Lida Cardozo Kindersley inscription marks Blake’s grave at last

The new Blake memorial inscribed by Lida Cardozo Kindersley.

It has been 12 years from conception to unveiling, but the exact spot of William Blake’s grave in London’s Bunhill Fields Burial Ground is finally marked with a Portland limestone memorial carrying an inscription from his poem ‘Jerusalem’ cut by Lida Cardozo Kindersley.

The stone was commissioned by The Blake Society, who chose the words to go on it, although the design of the inscription was left to Lida, which is the only way she will work and is why people go to The Cardozo Kindersley Workshop.

As always, the inscription was drawn out first for approval – and it was 10 years from the initial design to the words being cut into the stone.

“More and more people got involved,” says Lida. “Everyone wanted to be involved in it. In the end that was quite nice because everyone wanted it to succeed.”

Lida believes the final element of design comes in actually hand cutting letters into stone and she told Natural Stone Specialist that in the execution of the work it became “a bit freer and looser – more Blake, if you like”.

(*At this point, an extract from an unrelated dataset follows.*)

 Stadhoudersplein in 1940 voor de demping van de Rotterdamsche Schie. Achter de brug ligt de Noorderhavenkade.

And she likes to think Blake, who knew about engraving as a printmaker, would have appreciated the inscription.

The stone was unveiled with great ceremony on 12 August, the day of Blake’s death, with hundreds of people in attendence and the event widely recorded by the press. Novelist Philip Pullman, President of the Blake Society, was there and there was a variety of musical tributes, including contributions from the Blake vocal group and the William Blake Congregation. Iron Maiden frontman Bruce Dickinson stood on a bench and spoke about Blake before the unveiling.

The exact site of William Blake’s grave had been lost for many years. Blake, the author of ‘Jerusalem’ and ‘The Tyger’ and painter of ‘The Ancient of Days’, was largely unrecognised in his lifetime and died in obscurity on 12 August 1827.

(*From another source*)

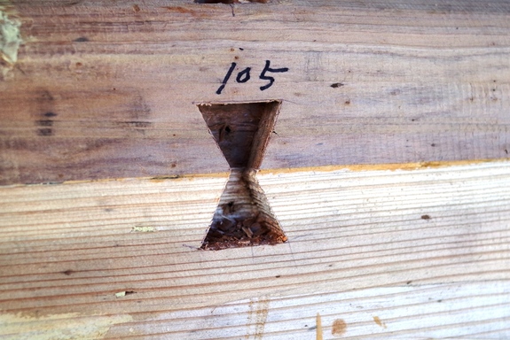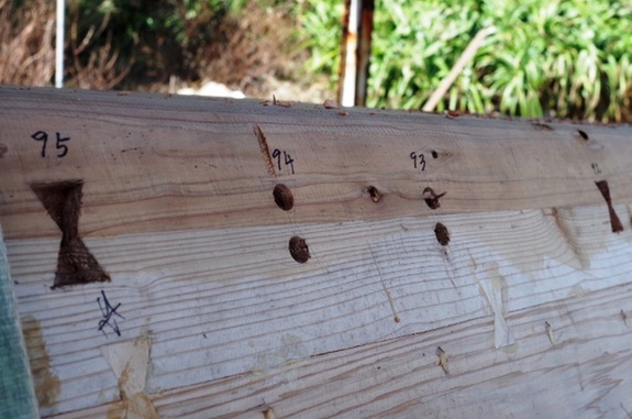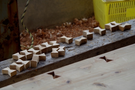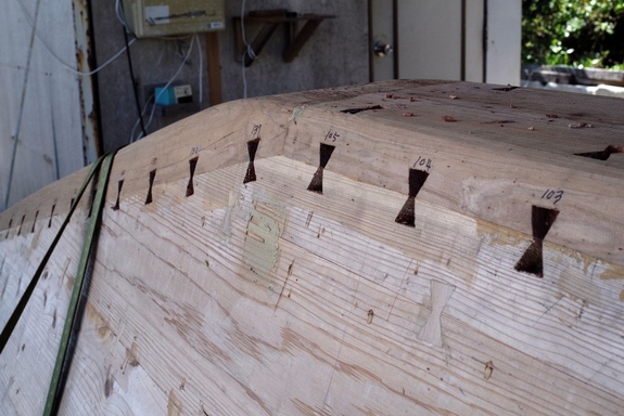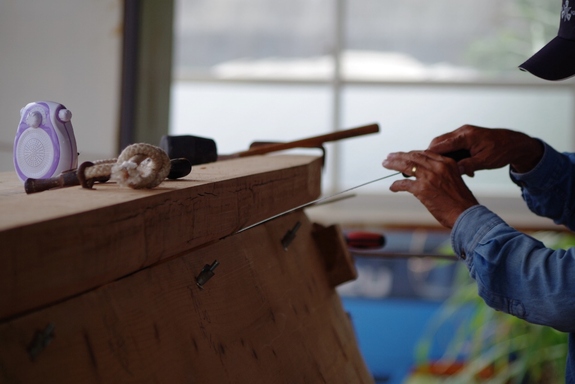 全て飫肥杉を接着する際には、”フンドゥー”と呼ばれる菱形の楔(くさび)を打ち込みます。その数、サバニ2隻でなんと合計350個を越えました。

The fact that Blake was buried in Bunhill Fields was recorded on a stone in the burial ground with the inscription: ‘Nearby lie the remains of William Blake and his wife Catherine Sophia’. It was 20m from what turned out to be the site of William Blake’s grave.

The precise location of the grave was determined by Luis and Carol Garrido, after much referencing of records and measuring out of the ground, using surviving landmarks as reference points.

Lida cutting the inscription.

 

When the Garridos first visited Bunhill Fields they had simply wanted to visit the grave of William Blake to pay their respects. When they discovered that the actual location of the grave was not known, they decided to find it. They spent years researching, and their efforts have been acknowledged by the City of London, the Blake Society and leading Blake scholars.

With the grave located, The Blake Society started fund-raising the £30,000 needed to have a memorial placed over the grave to mark the final resting place of a man now considered a seminal figure in the romantic age of poetry and visual arts.

Next for Lida Cardozo Kindersley is a memorial to Stephen Hawking, the world’s most famous theoretical physicist and cosmologist, for Gonville & Caius College of the University of Cambridge.

Hawking died in March this year. The memorial to him is in York stone and will go into a pavement.

Along with his name, birth and death dates, and the equation for which he is famous that describes the entropy of a black hole (which he had asked to have included on his gravestone), is a quote from him: “Remember to look at the stars, not down at your feet”.

Lida believes the irony of the quote being in a pavement would have amused Hawking.